FIG. 2 is a circuit diagram of a high frequency switch according to another embodiment of the present invention. As described above, the case where the switch is an amplification type dual gate field effect transistor as shown in FIG. 1 has been described, but the same can be realized in the case of the non-amplification type field effect transistor shown in FIG.
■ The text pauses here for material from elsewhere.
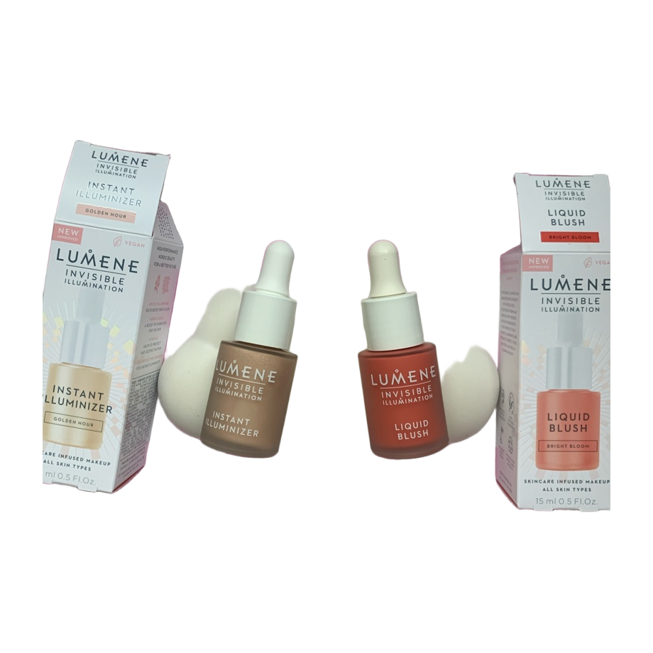 2x Lumene Invisible Illumination Instant Illuminizer Beauty Drops: liquid highlighter shade Golden Hour + liquid blush shade Berry Bloom. Both unopened, unused, size 15 ml.

Further, in the above description, the conductivity type of the transistor and the field effect transistor of the switch drive circuit are opposite conductivity types,
By setting the positive and negative polarities of the power source to the opposite polarities, it is possible to achieve the same in the same way by using a transistor of another conductivity type.

[Effect of device]

As described above, according to the present invention, the resistance value of the resistance voltage divider circuit that generates the second gate bias voltage for switching the switch to the “off” state within the range in which the switch switching time satisfies the required value is compared with the conventional one. Therefore, there is an advantage that the power consumption of the switch driving circuit, particularly the power consumption when the switch is “OFF” can be reduced. further,
The high level output of the switch drive circuit is the switch "on"
A stable level is required to determine the gain of the state, but in the circuit of the present invention, since it is supplied from the saturation voltage (-V _CEsat ) of the transistor, a sufficiently stable output can be obtained. is there.
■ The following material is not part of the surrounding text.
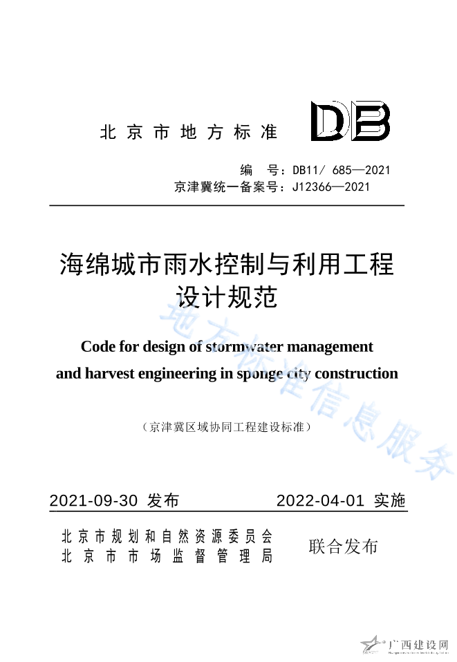 DB11 685-2021海綿城市雨水控制與利用工程設計規范

[Brief description of drawings]

FIG. 1 is a circuit diagram of a high frequency switch according to an embodiment of the present invention. FIG. 2 is a circuit diagram of a high frequency switch according to another embodiment of the present invention. FIG. 3 is a circuit diagram of a conventional high frequency switch. 100, 400 ... Switch drive circuit, 110 ... Resistance voltage divider circuit, 111,
112, 152 ... Resistance, 113 ... Voltage dividing point, 120 ... Negative voltage supply terminal, 1
30 ... Second gate bias voltage output terminal, 140 ... NPN transistor, 141 ... Emitter, 142 ... Collector, 143 ... Base, 144 ... Collector-emitter equivalent capacitance, 150 ... High frequency signal input terminal, 151, 222, 231, 252 , 261, 332 ... Capacitor, 200, 300 ... Switch, 210 ... Dual gate field effect transistor (FET), 211 ... First gate, 212 ... Second gate, 213, 311 ... Source, 214, 312 ... Drain, 220 ...
First gate bias voltage supply terminal, 221, 251, 321, 331, 34
1 ... Choke coil, 230, 320 ... High frequency signal input terminal, 24
0 ... Second gate bias voltage supply terminal, 241 ... Second gate bypass capacitor, 250 ... Drain voltage supply terminal, 26
0, 340 ... High frequency signal output terminal, 310 ... Field effect transistor (FET), 313 ... Gate.
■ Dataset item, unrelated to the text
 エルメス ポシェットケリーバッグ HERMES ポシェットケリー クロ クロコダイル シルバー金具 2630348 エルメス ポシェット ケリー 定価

 ─────────────────────────────────────────────────── ─── Continued Front Page (72) Norio Komiyama 5-33-1 Shiba, Minato-ku, Tokyo Inside NEC Corporation (72) Toshinori Tanaka 1-2356 Takeshi, Yokosuka, Kanagawa Nippon Telegraph and Telephone Public Corporation Yokosuka Telecommunications Research Institute

Claims (1)

[Scope of utility model registration request] 1. A switch including a switch for opening and closing a high frequency signal and a switch drive circuit for controlling the switch, wherein the switch comprises a field effect transistor for controlling opening and closing of the high frequency signal by a control voltage applied to a gate. In the high-frequency switch, the switch drive circuit includes a transistor that supplies an input switch control signal to the base. In the switch drive circuit, one end is grounded, the other end is connected to a power source, and the voltage dividing point is the electric field. A resistor voltage divider circuit connected to the gate of the effect transistor is included, and the collector-emitter circuit divides the resistor voltage divider circuit so that the collector-emitter saturation voltage when the transistor is in a saturated state is applied to the voltage dividing point. A high-frequency switch characterized by being connected to a pressure point.